▶ DATASET CONTENT:

--------------------

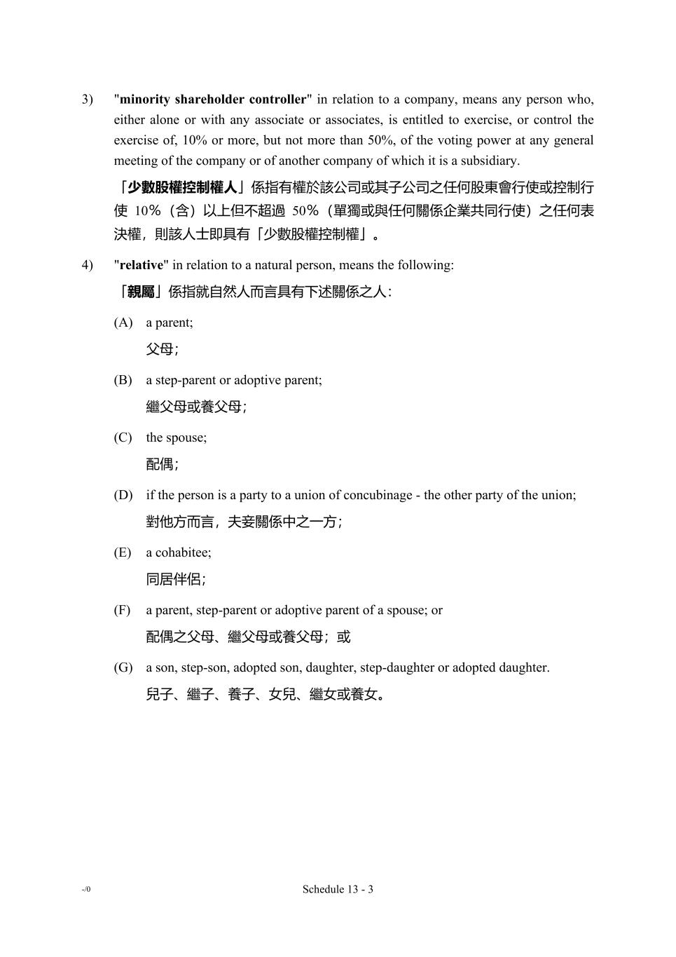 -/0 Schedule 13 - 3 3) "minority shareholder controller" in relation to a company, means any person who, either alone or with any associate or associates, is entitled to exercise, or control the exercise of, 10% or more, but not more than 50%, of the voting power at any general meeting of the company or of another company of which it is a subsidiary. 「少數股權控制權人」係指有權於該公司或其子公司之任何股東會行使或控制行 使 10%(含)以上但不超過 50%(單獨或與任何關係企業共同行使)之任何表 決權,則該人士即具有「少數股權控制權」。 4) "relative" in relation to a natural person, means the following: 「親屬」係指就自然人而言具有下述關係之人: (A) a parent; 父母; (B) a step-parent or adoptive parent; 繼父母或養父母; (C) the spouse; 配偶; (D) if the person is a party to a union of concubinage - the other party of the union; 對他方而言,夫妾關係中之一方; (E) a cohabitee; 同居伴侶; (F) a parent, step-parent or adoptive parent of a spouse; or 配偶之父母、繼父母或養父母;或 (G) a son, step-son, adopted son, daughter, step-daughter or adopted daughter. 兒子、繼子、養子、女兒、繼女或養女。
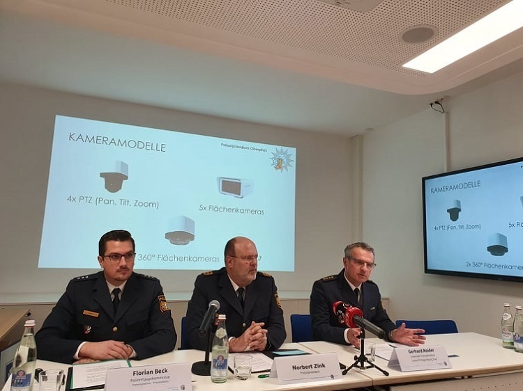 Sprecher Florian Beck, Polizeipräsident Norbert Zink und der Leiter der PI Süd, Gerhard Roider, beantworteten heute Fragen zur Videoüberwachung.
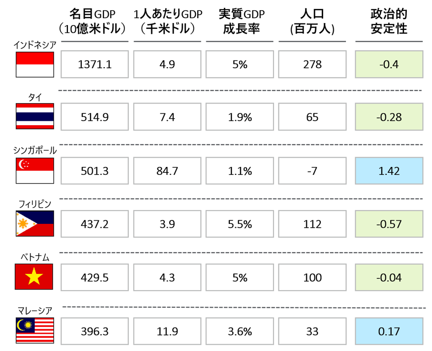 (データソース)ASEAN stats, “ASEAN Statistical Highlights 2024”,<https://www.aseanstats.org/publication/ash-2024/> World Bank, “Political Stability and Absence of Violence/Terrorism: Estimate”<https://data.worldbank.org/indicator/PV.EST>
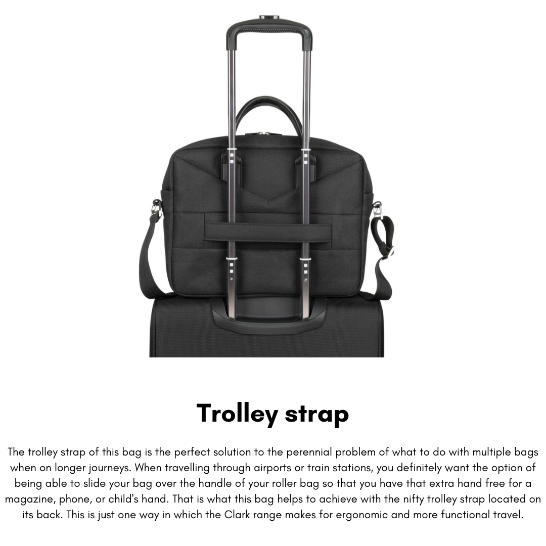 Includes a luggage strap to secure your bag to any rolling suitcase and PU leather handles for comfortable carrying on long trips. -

--------------------

Output the whole listing again, exactly, without its pictures.

▶ ANSWER AREA:
 -/0 Schedule 13 - 3 3) "minority shareholder controller" in relation to a company, means any person who, either alone or with any associate or associates, is entitled to exercise, or control the exercise of, 10% or more, but not more than 50%, of the voting power at any general meeting of the company or of another company of which it is a subsidiary. 「少數股權控制權人」係指有權於該公司或其子公司之任何股東會行使或控制行 使 10%(含)以上但不超過 50%(單獨或與任何關係企業共同行使)之任何表 決權,則該人士即具有「少數股權控制權」。 4) "relative" in relation to a natural person, means the following: 「親屬」係指就自然人而言具有下述關係之人: (A) a parent; 父母; (B) a step-parent or adoptive parent; 繼父母或養父母; (C) the spouse; 配偶; (D) if the person is a party to a union of concubinage - the other party of the union; 對他方而言,夫妾關係中之一方; (E) a cohabitee; 同居伴侶; (F) a parent, step-parent or adoptive parent of a spouse; or 配偶之父母、繼父母或養父母;或 (G) a son, step-son, adopted son, daughter, step-daughter or adopted daughter. 兒子、繼子、養子、女兒、繼女或養女。
 Sprecher Florian Beck, Polizeipräsident Norbert Zink und der Leiter der PI Süd, Gerhard Roider, beantworteten heute Fragen zur Videoüberwachung.
 (データソース)ASEAN stats, “ASEAN Statistical Highlights 2024”,<https://www.aseanstats.org/publication/ash-2024/> World Bank, “Political Stability and Absence of Violence/Terrorism: Estimate”<https://data.worldbank.org/indicator/PV.EST>
 Includes a luggage strap to secure your bag to any rolling suitcase and PU leather handles for comfortable carrying on long trips. -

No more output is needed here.